Elas são necessárias apenas para justificar a falsa importância
que atribuímos a uma arte que transmite toda espécie de
sentimentos, desde que esses sentimentos nos proporcionem prazer.
No
momento em que renunciarmos por algum tempo ao hábito de considerar
que essa trindade possui a verdade da Trindade religiosa e
perguntarmos a nós mesmos o que entendemos como significado das três
palavras dessa trindade, ficaremos convencidos sem nenhuma dúvida de
quão absolutamente fantástico é unir essas três palavras e
conceitos totalmente diferentes e, acima de tudo, desproporcionais.
O
bom, o belo e o verdadeiro são colocados no mesmo nível e todos os
três conceitos são reconhecidos como fundamentais e metafísicos. E
no entanto a realidade não é nada disso.
O
bem é o eterno, o objetivo mais alto de nossa vida. Não importa
como o entendamos, nossa vida não é senão um esforço em direção
ao bem — ou seja, em direção a Deus.
O
bem é, de fato, um conceito fundamental que metafisicamente
constitui a essência da nossa consciência, um conceito indefinível
pela razão.
O
bem é aquilo que ninguém pode definir, mas que define tudo o mais.
Mas
o belo, se não quisermos nos satisfazer com palavras, mas, sim,
falar do que entendemos, o belo não é mais do que aquilo que nos é
agradável.
O
conceito de beleza não coincide com o de bem, é inclusive oposto a
ele, porque o bem, na maioria das vezes, coincide com um triunfo
sobre nossas predileções, enquanto a beleza é a base de todas as
nossas predileções.
Quanto
mais nos damos à beleza, mais distantes estamos do bem. Eu sei que a
resposta costumeira a isso é que existe uma beleza moral e
espiritual, mas tal alegação é somente um jogo de palavras, pois
dizendo beleza espiritual ou moral não queremos dizer senão o bem.

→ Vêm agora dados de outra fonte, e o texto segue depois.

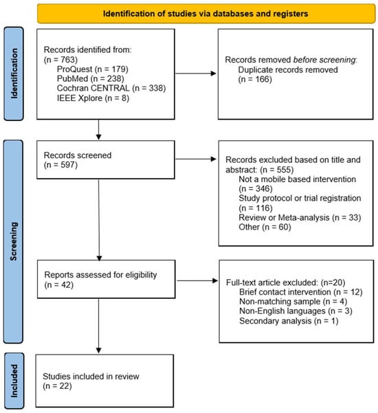 In total, 597 articles were identified through the database searches after removing duplicates (Figure 1). After screening of titles and abstracts, 555 articles were excluded based on the predefined eligibility criteria. Of the 42 articles extracted for full-text review, 20 were excluded for the following reasons: 12 involved brief contact interventions (e.g., SMS or telephone check-ins) rather than structured mobile applications, four targeted stakeholders or caregivers (e.g., parents) instead of individuals at risk for suicide, and three were published in non-English languages. Additionally, although McGillivray et al. (2023) met all inclusion criteria, they were excluded because they constituted a secondary analysis of data already included in Torok et al. (2022), and the inclusion of both studies would have resulted in duplicate data, violating the assumption of independence.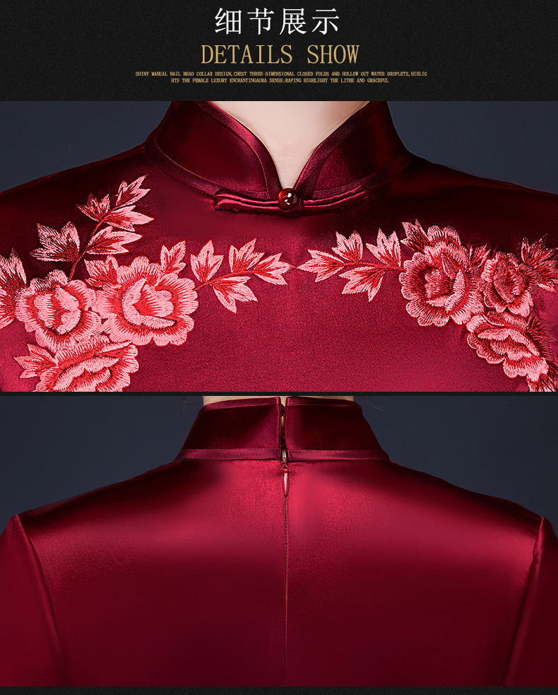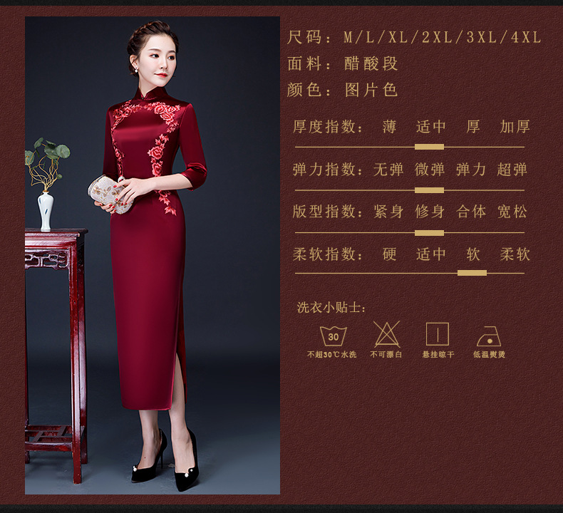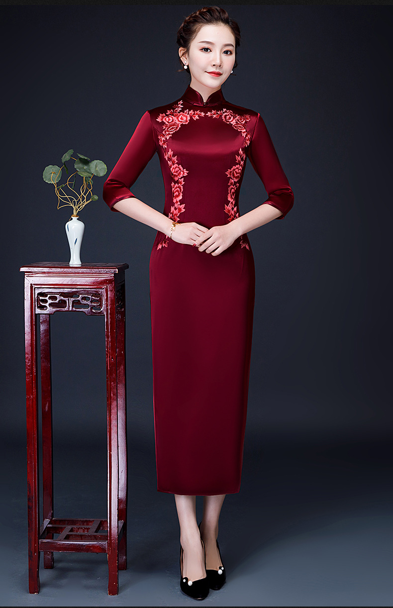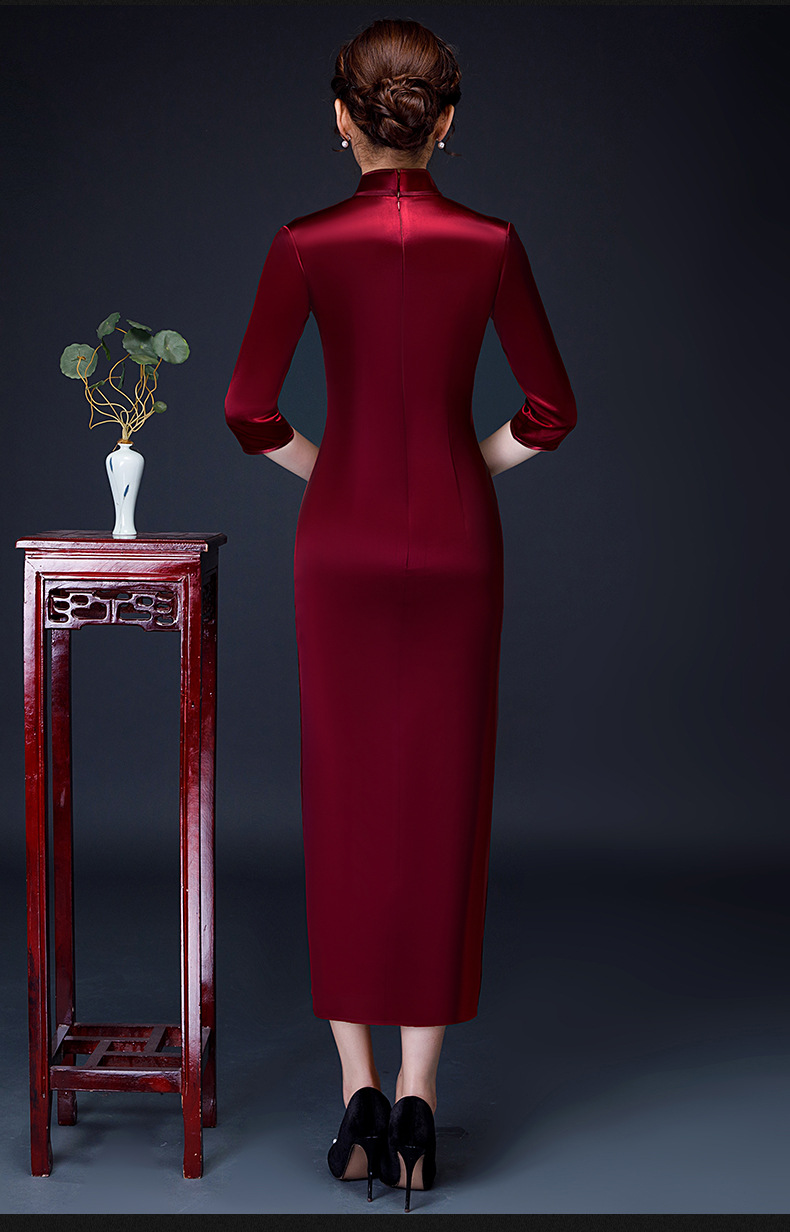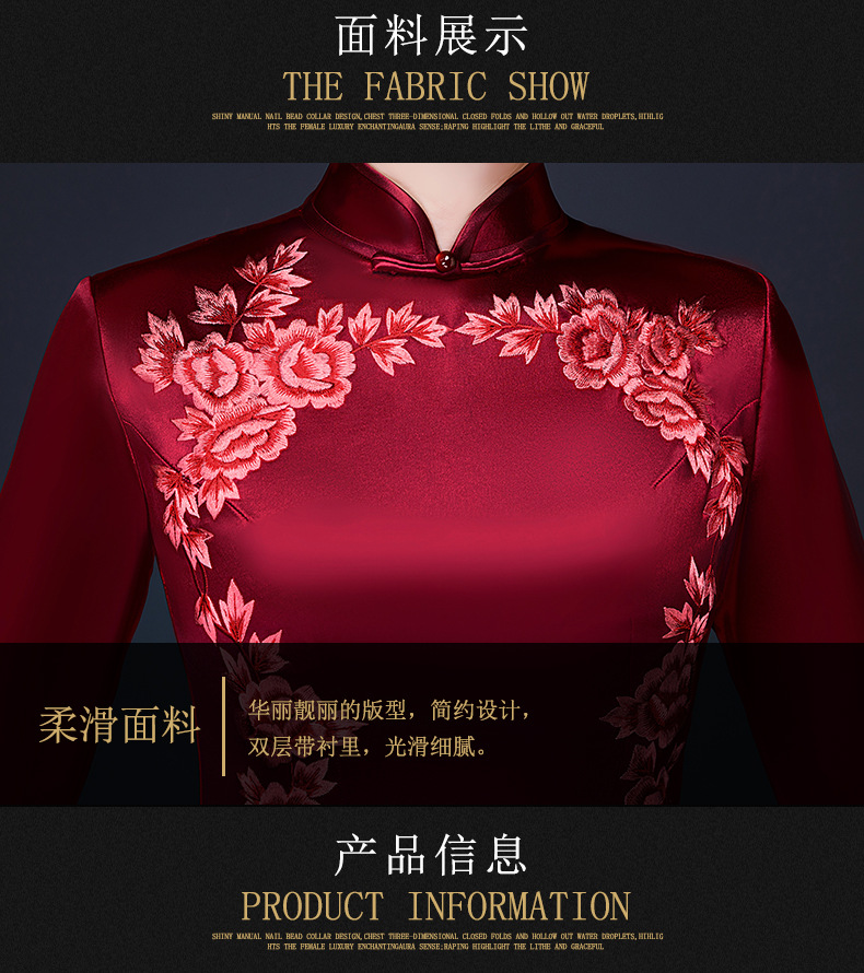 上海旗袍厂LHS-1001冬季新款加厚妈妈装长款旗袍婚宴宴会旗袍裙礼服改良七分袖秋1001

A beleza espiritual, ou o bem, na maioria das vezes não só não
coincide com o significado usual de beleza, como se opõe a ele.
Quanto
à verdade, é ainda menos possível atribuir a esse membro da
suposta trindade uma unicidade com o bem ou o belo, nem sequer uma
existência independente.
Chamamos
verdade somente a correspondência entre a manifestação ou
definição de um objeto e a sua essência, ou a compreensão do
objeto que é comum a todas as pessoas. E o que é comum aos
conceitos de beleza e verdade, por um lado, e ao de bem, por outro?
Os
conceitos de beleza e verdade não só não são equivalentes ao de
bem, não apenas não partilham uma mesma essência, como nem mesmo
coincidem com ele.
A
verdade é a correspondência entre a manifestação e a essência do
objeto e é, portanto, um meio de atingir o bem, mas a verdade em si
mesma não é nem o bem nem o belo e nem mesmo coincide com eles.
Dessa
forma, por exemplo, Sócrates e Pascal, assim como muitos outros,
consideravam discordante do bem um conhecimento da verdade de objetos
inúteis. E quanto à beleza, a verdade nada tem em comum com ela e
é, na maior parte das vezes, oposta a ela, porque, ao expor o
engano, a verdade destrói a ilusão, a principal condição da
beleza.
E,
assim, a união arbitrária desses três conceitos desproporcionais e
estranhos entre si serviu de base para a espantosa teoria segundo a
qual a diferença entre a boa arte, que transmite bons sentimentos, e
a arte ruim, que transmite maus sentimentos, foi totalmente
obliterada; e uma das mais baixas manifestações da arte, a arte por
mero prazer — contra a qual todos os mestres da humanidade
alertaram as pessoas —, veio a ser considerada a mais alta. E a
arte deixou de ser a coisa importante que deveria ser e se tornou
diversão vazia de pessoas ociosas.
Leon Tolstói, in O que é arte?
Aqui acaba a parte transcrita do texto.